As far as I know there is no technical reason why jemalloc shouldn't be the default allocator. In fact, as pointed out in the article, it IS the default allocator on FreeBSD. My understanding is it is largely political.
Now that I think about it, I could easily imagine it being left out of glibc because it doesn't build on Hurd or something.
> I could easily imagine it being left out of glibc because [...]

... its license is BSD-2-Clause ;)

hence "political"

Huh? Bsd-style licenses are fully compatible with gpl.

The problem is exactly this: Facebook becomes the upstream of a key part of your system.

And Facebook can just walk away from the project. Like it did just now.

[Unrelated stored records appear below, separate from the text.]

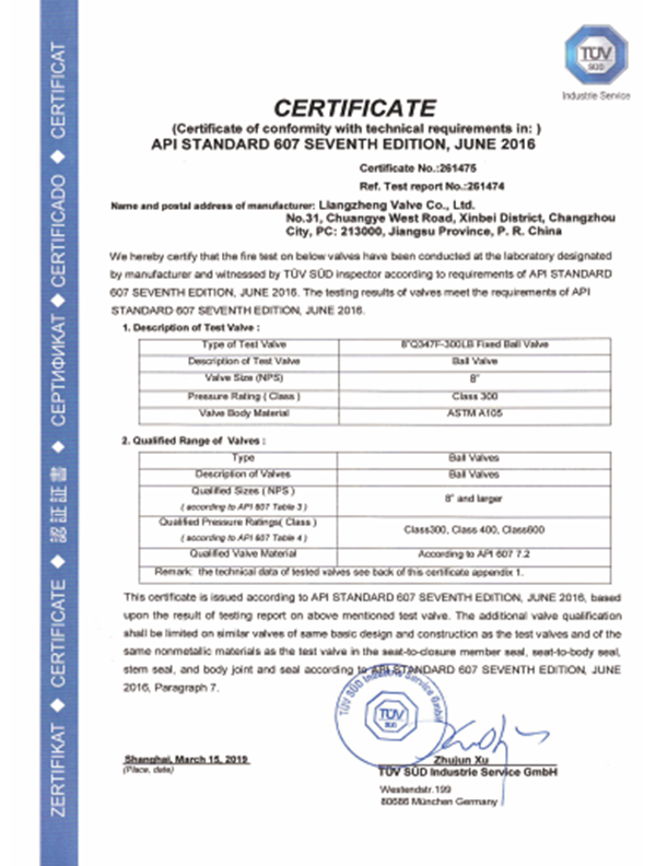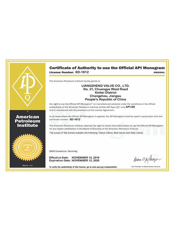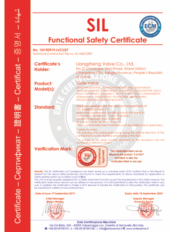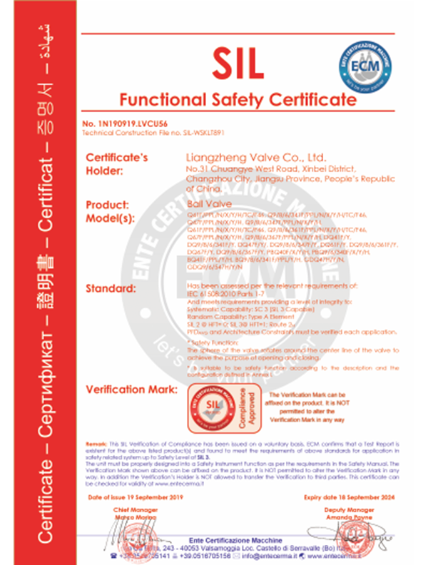 Liangzheng valves have passed the "TS" special equipment manufacturing license A level certification, API6D American Petroleum Institute certification, ISO9001 international quality system certification, ISO14001 environmental system certification, ISO45001 occupational health and safety management system certification, Germany TUV issued API607 fire certification, SIL3 Safety assessment certificate, CE EU certificate, two integration certificate, intellectual property rights implementation certificate, AA measurement, AAA measurement system and other certificates.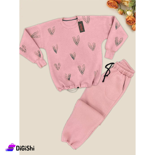 Women's winter pajamas Made of Cotton fleece fabric, with a beautiful and elegant design, consisting of sweater and trousers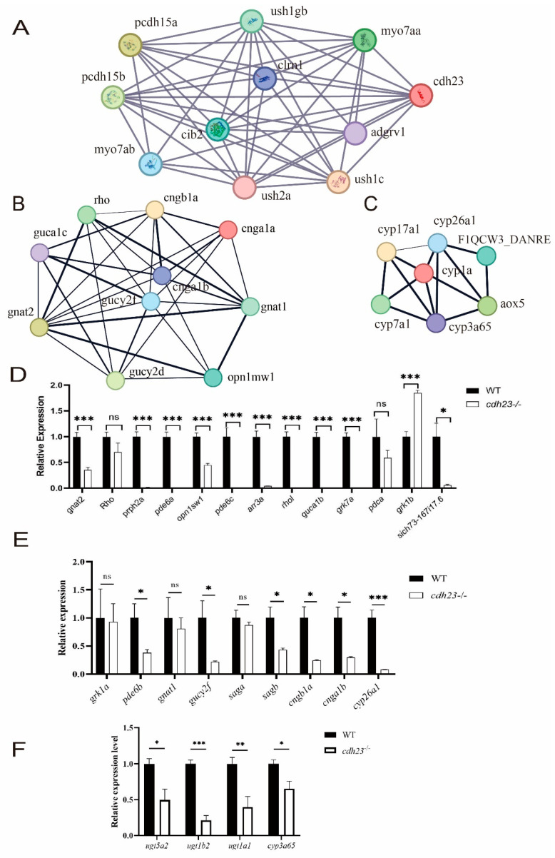 Visualization of network construction analysis of specific pathways. (A) PPI network representing cdh23 gene shows proteins as nodes in graph, with their interactions depicted by lines connecting them. Various colored lines indicate different types of interactions, with thicker lines representing stronger interactions. (B,C) Key genes involved in optical conduction and retinol metabolism, as well as their interactions. (D,E) Gene expression analysis of light sensor degeneration-related genes using RT-qPCR. Additionally, statistical significance was determined with * representing a p value of <0.05, ** representing a p value of <0.01, and *** representing a p value of <0.001. (F) RT-qPCR expression analysis of genes related to retinol metabolism pathway was conducted. The results showed significant differences in gene expression levels (*: p value < 0.05; **: p value < 0.01; ***: p value < 0.001), indicating potential regulatory roles of these pathways in studied biological processes. ns: not significant.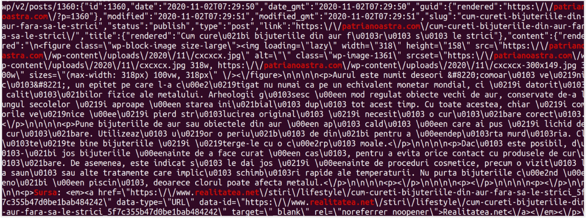 Quarium foloseste Ubuntu? pare terminalul de Ubuntu si un JSON dump https://images.pressone.ro/wp-content/uploads/2022/07/12224325/3_JSON-Dump-of-one-article-via-WordPress-API.jpeg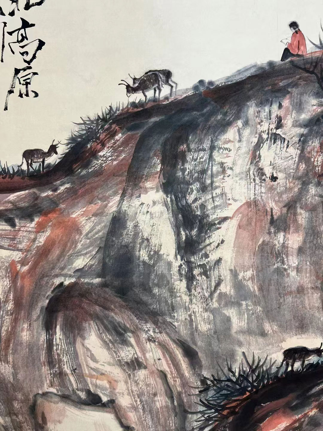 其笔触中既有石涛“我自用我法”的写意精神,又融入延安时期革命美术的雄强气质,成为中国画从文人趣味向现代性转型的关键节点。画面以浓重焦墨勾勒山崖轮廓,同时融入朱砂、赭石等矿物颜料,通过干涩笔触与色块堆叠,形成厚重粗粝的质感。例如崖壁的暗部以焦墨皴擦表现肌理,阳面则施以淡赭石渲染,既强化山体体积感,又暗合黄土高原的地域色彩特征。这种“墨色为骨,淡彩为肉”的技法,既保留传统水墨韵味,又突破单一墨色的视觉局限。《高原放牧图》通过色墨交融的技法,将黄土高原的地域特质转化为兼具写实与象征的艺术语言,成为石鲁突破传统文人画色彩体系的重要实践。

They are compatible but that's not the point.

If it were included it would instantly become a LGPL hard-fork because of any subsequently added line of code, if not by "virality" of the glibc license, at least because any glibc author code addition would be LGPL, per GNU project policy/ideology.

Also also this would he a hard bar to pass: https://sourceware.org/glibc/wiki/CopyrightFSForDisclaim

As I recall this is what prevented Apple from contributing C blocks† back to upstream GCC.

https://github.com/lloeki/cblocks-clobj

What prevents apple from working with gpl-style licenses is strict hatred towards code that they can't use without opensourcing it. So this is what prevents them from contributing to gpl projects: the need to control access to code.

Llvm is OK for them from this point of view: upstream is open but they can maintain and distribute their proprietary fork.